When the three red-shirted leaders stepped up to the platform they were arrested. The roaring mob of some 4000 demanded their release and made terrible threats.

With the excitement at its peak. Commissioner Griffin mounted a soapbox among the mob and read the Riot Act again, but the diggers refused to disperse. Instead, some hothead in the crowd fired a shot. The mob moved forward to release their leaders, and the police were ordered to fire a warning volley over their heads.

Soon an all-in melee began. The police had to fight their way out of the mob.

In the mad donnybrook, amid screams of anger and pain, the mob broke and scattered, yelling and cursing, down the banks of the Burrangong creek. 

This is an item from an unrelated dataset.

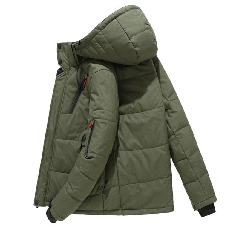 foveitaa ダウンジャケット メンズ 冬服 ウィンターダウンジャケット 秋冬アウター コート アウトドア フード付き ハイネック 防寒 暖かい アヒル 羽毛 アウター 分厚い ジャケット オシャレ トレンチコートgreen-4 XL
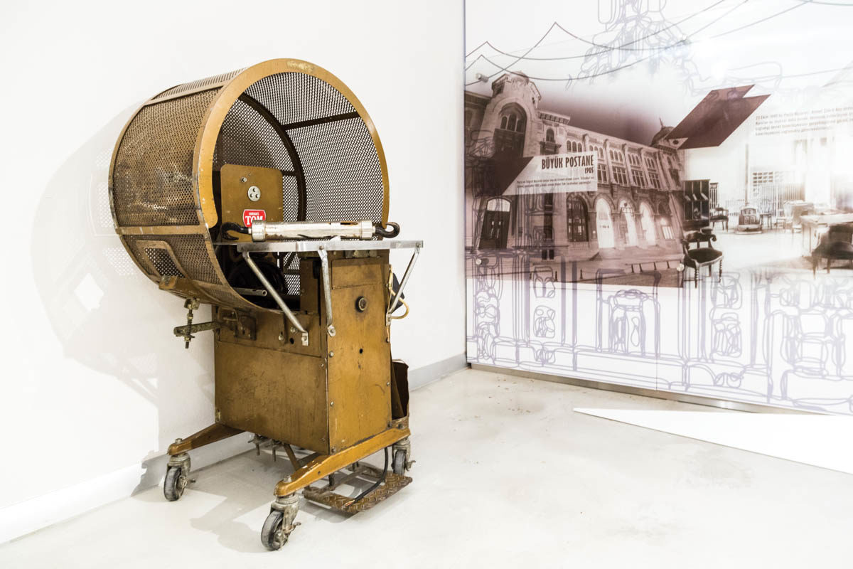 Müzenin birinci katında “Kronolojik Pul Müzesi Koleksiyonu”, Nostaljik PTT” ve “geçici sergi salonu” bulunuyor. Pul arşivi çekmecesi benim açımdan bu alanda belki de en etkileyici bölüm. Burada pulları yaratan sanatçıların el çizimleri, grafik veya fotoğrafla başlayan ve sonrasındaki matbaa sürecindeki renk çalışmalarıyla devam eden görseller sergileniyor. Bir yaratım sürecinin tümüne tanık olmak, bireye, nihai ürünle kurduğu diyalogdan çok daha fazlasını vadediyor. Müzenin belki de sergileme alanları arasında yetişkinler ile en dolaysız şekilde iletişime giren bölümü eski mektupların sergilendiği salon. İnsana dair tüm naif durumlarla aracısız bir bağ kuruyor. Mektupların sergilenme ünitesinde gerek malzemelerle gerekse formlarla müzenin diğer tüm alanlarındaki aynı dinamik yaklaşım yakalanıyor. Gri metal saç ile ahşabın sıcaklığı oldukça uyumlu bir tezatlık yaratıyor. Mektupların tam karşısında hologram teknolojisi ile yaratılan yeni mektup aracılığıyla karşıtlığı sağlamlaştırılıyor. Eski gerçekliğin yeni gerçeklikle birlikteliği bir nevi.

Four troopers were wounded, one digger was killed and dozens injured. By nightfall, tension was at fever pitch.

The diggers, sullen, and still looking for fight, crowded round the court-house and gaol in their thousands, demanding the release of their leaders. The police could not take their prisoners away through such a crowd and they couldn't hold them there. To add to their troubles the bank managers had all raced to the court-house with their golden treasure as soon as the fight began.

FINALLY the prisoners were released and while they were being mobbed and congratulated as heroes by their mates, the police and the bankies made their escape through the bush and began a wild 65 miles ride to Yass and Burrowa.

The miners now had an open field with no police to harass them. Again they looted and fired the Chinese quarters.

The troops were over taken and sent back to the fields. They marched out to Tipperary Creek and arrested six men named as instigators of the riot. Rewards of £100 each were then offered for the capture of Spicer, Cameron and Stewart.

THE six men were tried and acquitted amid scenes of the wildest enthusiasm, for there was little evidence against them. In any case, they were no more guilty than most of their mates. Seeing how things were going, Stewart and Cameron gave themselves up to the police, through friends, who collected the £200 reward and used part of it to brief counsel for their defence.

Spicer refused to give himself up, but after many weary weeks of hiding and nearly starving, he was captured and sentenced to three years hard labour. After serving six months he was released.

So that the riots would not be perpetuated, the name 'Lambing Flat' was, by solemn proclamation, expunged from the records and the place was renamed Young, after Sir John Young, the Governor of New South Wales. But while people talk of gold and goldfields, Lambing Flat will always be remembered.